Coded data generation or conversion – Digital code to digital code converters – To or from 'n' out of 'm' codes
Reexamination Certificate
2001-12-17
2004-02-10
Jeanglaude, Jean Bruner (Department: 2819)
Coded data generation or conversion
Digital code to digital code converters
To or from 'n' out of 'm' codes
C341S050000
Reexamination Certificate
active
06690309
ABSTRACT:
TECHNICAL FIELD
The present invention relates generally to data transmission systems, and more particularly to high speed data transmission systems in which data values may be transmitted with a clock signal.

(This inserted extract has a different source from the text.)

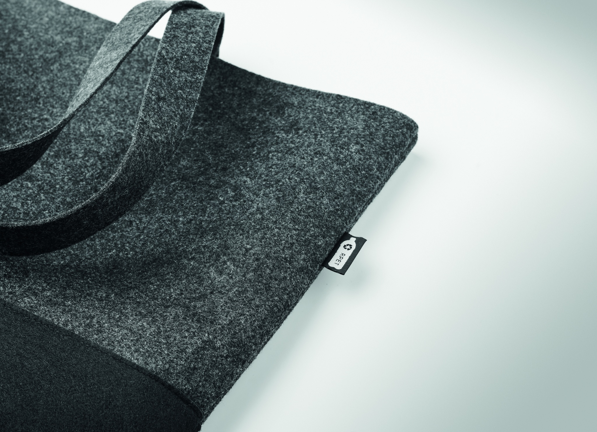 Kaksi sävyinen RPET huopakassi pitkillä kahvoilla.

BACKGROUND OF THE INVENTION
The increasing need for faster data communication rates has led to corresponding needs for faster transmission of data between system components. Networking hardware is but one of the numerous applications in which such increased speed is needed. Within a high-speed router data is typically transmitted between one or more integrated circuits. If such inter-chip data transmission speeds can be increased (e.g., in the range of 1 gigabits/second per pin), the overall speed/bandwidth of the connection between integrated circuits may also be increased.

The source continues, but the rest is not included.